§ EXERCISE DIRECTIONS: Would you repeat the listing exactly, without any of its images?

§ SUPPLIED DATA:
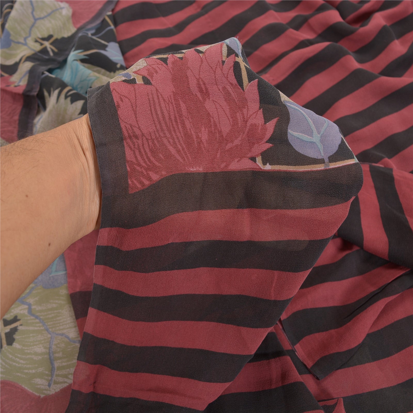Sanskriti Vintage Sorte Sarier Ren Georgette Silke Trykt Sari 5YD Håndværk Bæredygtigt Stoff
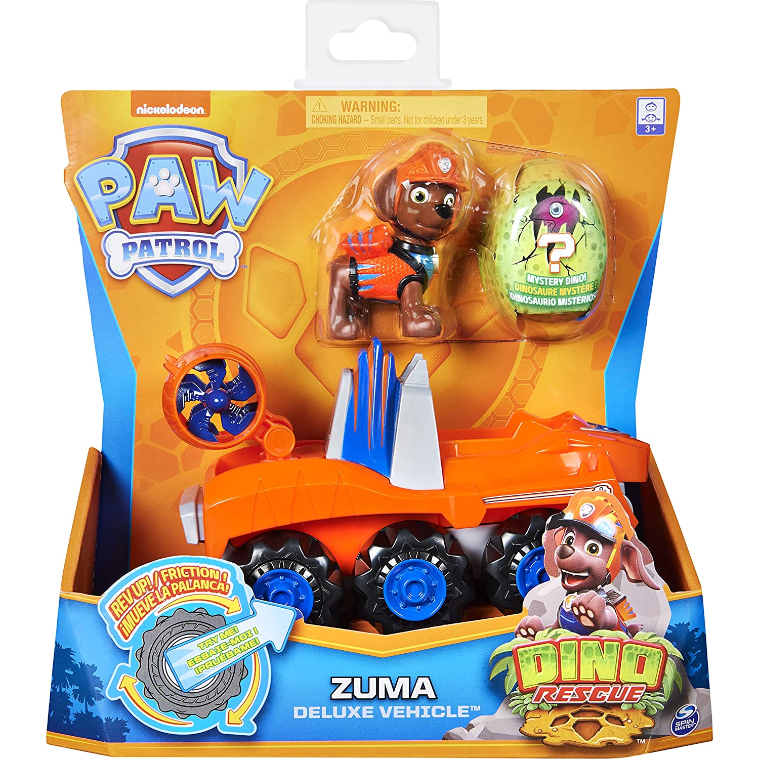 Go on Exciting Dino Rescues with Zuma and his Dino Rescue Deluxe Vehicle from Paw Patrol. This one-of-a-kind vehicle includes Zuma and a mystery dino miniature. Zuma’s Rugged Vehicle Is Ready For Action, Featuring Dinosaur-Inspired Details, A Working Tool, A Rev Up Motor, And Large Wheels To Rule Any Surface.
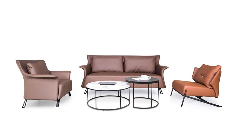 1.面料:采用优质进口保时捷纳西皮+麻绒布。2.结构:进口实木框架。3.弹簧: 优质碳素钢蛇形弹簧。4.填充物:座垫45°高回弹海绵 ,靠包采用科技羽绒加纳米回弹颗粒填充。靠背/扶手:35°海绵软硬适中。5.脚架:加厚钢板电脑切割,冷轧一次成型,表面黑色喷砂防锈防氧化处理.
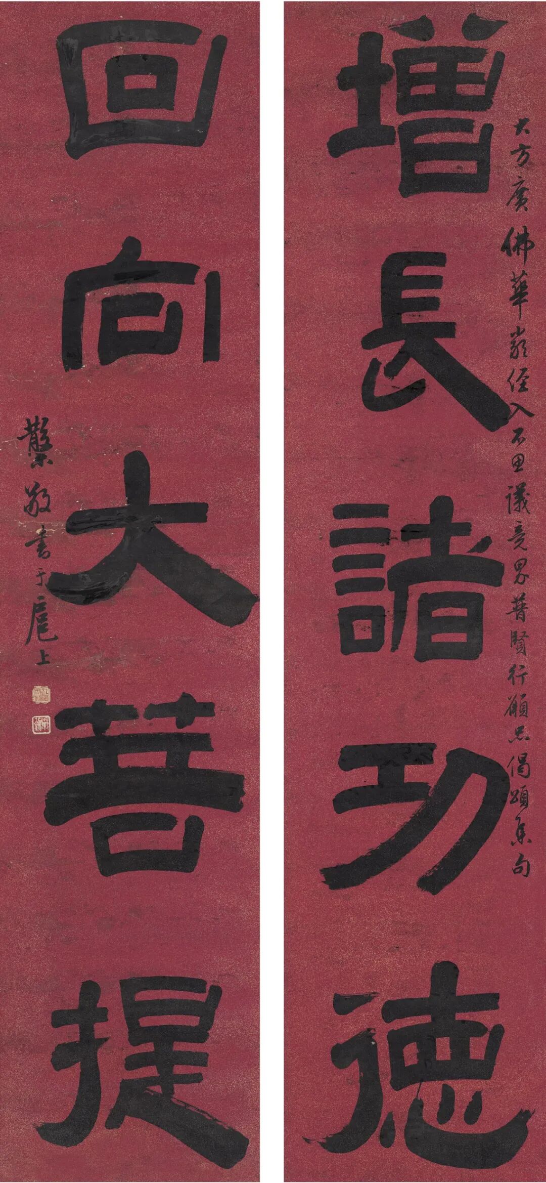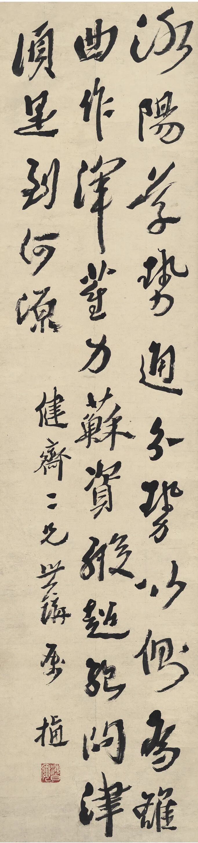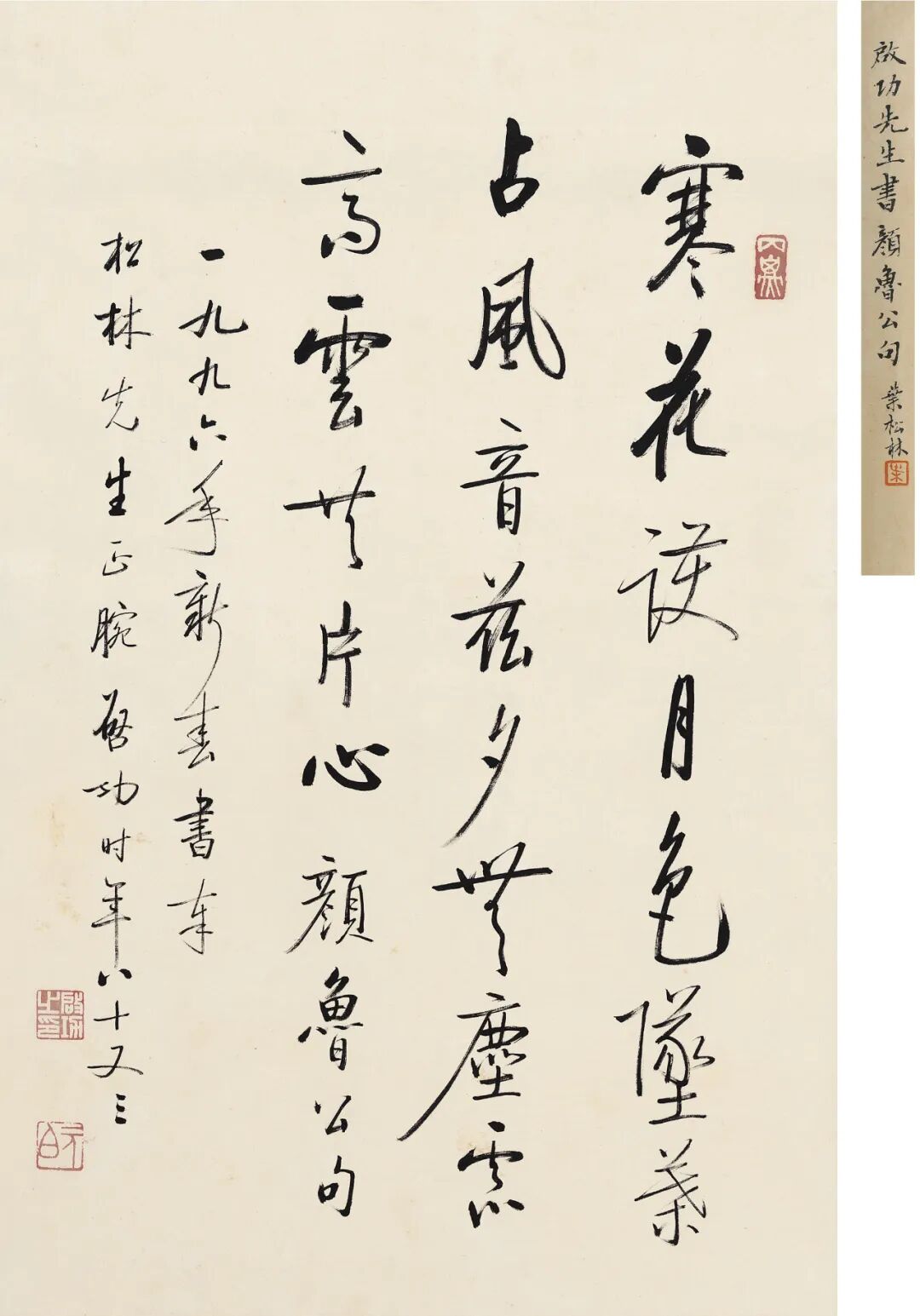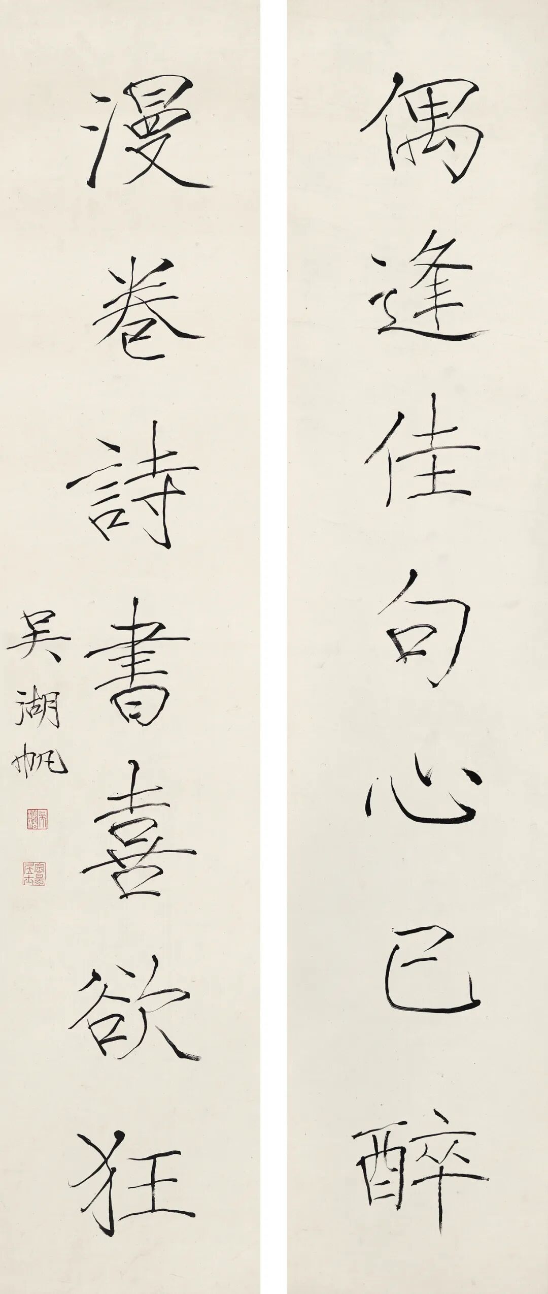 本幅作品为潘天寿早年双指之作,大约作于上世纪二三十年代。潘老早年指画作品存世较少,指书书法则更为罕见,像本幅这样完整的指书指画一对的,更可珍贵。
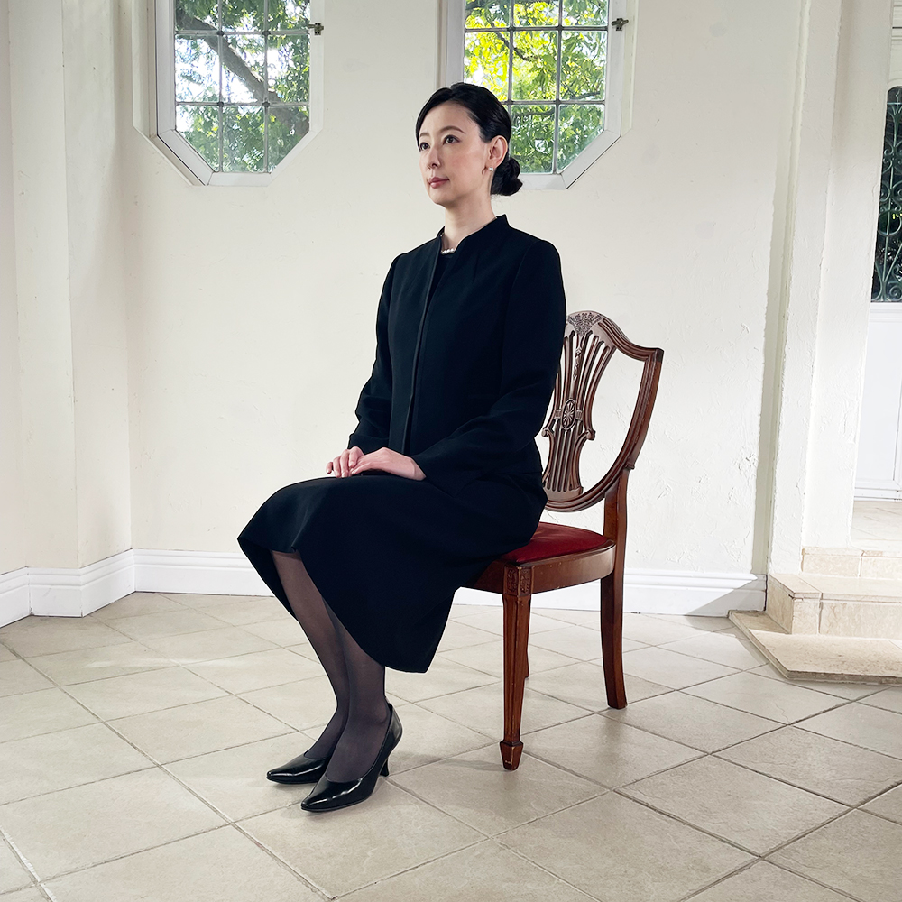 立っている時はもちろん、座っている時もヒザが隠れる品格あるスカート丈。
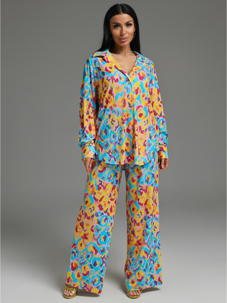 Костюм женский состоит из рубашки и брюк.
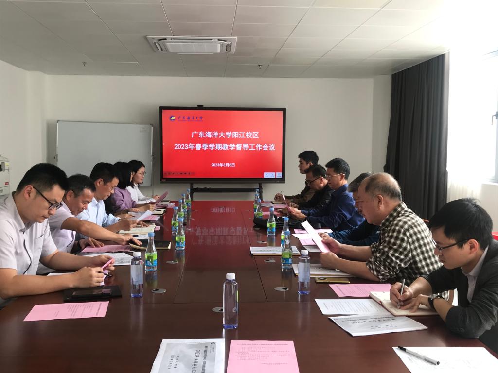 3月8日下午,在海纳楼736召开阳江校区2023年春季学期教学督导工作会议,校区管委会副主任张界新主持会议,督导小组成员吴卫祖、陈春雷、柴华金及教学科研部全体人员参加会议。
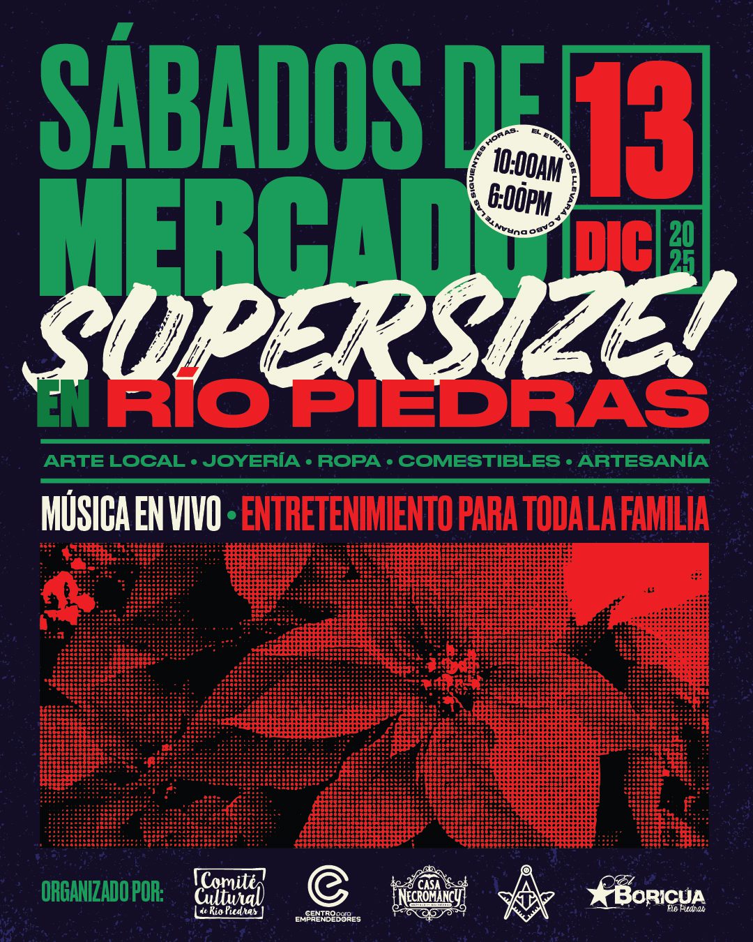 El Centro Para Emprendedores se une a la Junta Comunitaria de Río Piedras y Casa Necromancy para llevar a cabo el Sábado de Mercado Navideño el sábado, 13 de diciembre, de 10:00 a.m. a 6:00 p.m. en la Plaza de la Convalecencia, el Paseo De Diego, la calle del Carmen y la calle Saldaña. El mercado contará con más de 200 emprendedores que ofrecerán una variedad de productos, incluyendo artesanías, productos y servicios diversos, libros de autores locales, postres, plantas y mucho más. Le recordamos al público en general que puede llegar al mercado a través del Tren Urbano, bajándose en la estación de Río Piedras, o utilizar el estacionamiento soterrado del Municipio, debajo de la Plaza de la Convalecencia.
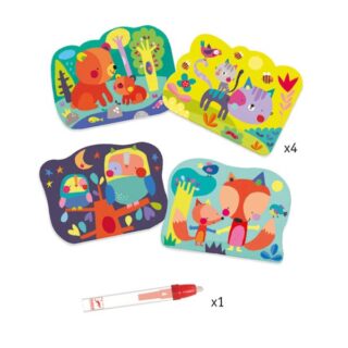 Se llena el bolígrafo de agua. El niño o niña colorea para hacer aparecer las sorpresas.

§ RESPONSE FOR THIS EXERCISE:
Sanskriti Vintage Sorte Sarier Ren Georgette Silke Trykt Sari 5YD Håndværk Bæredygtigt Stoff
 Go on Exciting Dino Rescues with Zuma and his Dino Rescue Deluxe Vehicle from Paw Patrol. This one-of-a-kind vehicle includes Zuma and a mystery dino miniature. Zuma’s Rugged Vehicle Is Ready For Action, Featuring Dinosaur-Inspired Details, A Working Tool, A Rev Up Motor, And Large Wheels To Rule Any Surface.
 1.面料:采用优质进口保时捷纳西皮+麻绒布。2.结构:进口实木框架。3.弹簧: 优质碳素钢蛇形弹簧。4.填充物:座垫45°高回弹海绵 ,靠包采用科技羽绒加纳米回弹颗粒填充。靠背/扶手:35°海绵软硬适中。5.脚架:加厚钢板电脑切割,冷轧一次成型,表面黑色喷砂防锈防氧化处理.
 本幅作品为潘天寿早年双指之作,大约作于上世纪二三十年代。潘老早年指画作品存世较少,指书书法则更为罕见,像本幅这样完整的指书指画一对的,更可珍贵。
 立っている時はもちろん、座っている時もヒザが隠れる品格あるスカート丈。
 Костюм женский состоит из рубашки и брюк.
 3月8日下午,在海纳楼736召开阳江校区2023年春季学期教学督导工作会议,校区管委会副主任张界新主持会议,督导小组成员吴卫祖、陈春雷、柴华金及教学科研部全体人员参加会议。
 El Centro Para Emprendedores se une a la Junta Comunitaria de Río Piedras y Casa Necromancy para llevar a cabo el Sábado de Mercado Navideño el sábado, 13 de diciembre, de 10:00 a.m. a 6:00 p.m. en la Plaza de la Convalecencia, el Paseo De Diego, la calle del Carmen y la calle Saldaña. El mercado contará con más de 200 emprendedores que ofrecerán una variedad de productos, incluyendo artesanías, productos y servicios diversos, libros de autores locales, postres, plantas y mucho más. Le recordamos al público en general que puede llegar al mercado a través del Tren Urbano, bajándose en la estación de Río Piedras, o utilizar el estacionamiento soterrado del Municipio, debajo de la Plaza de la Convalecencia.
 Se llena el bolígrafo de agua. El niño o niña colorea para hacer aparecer las sorpresas.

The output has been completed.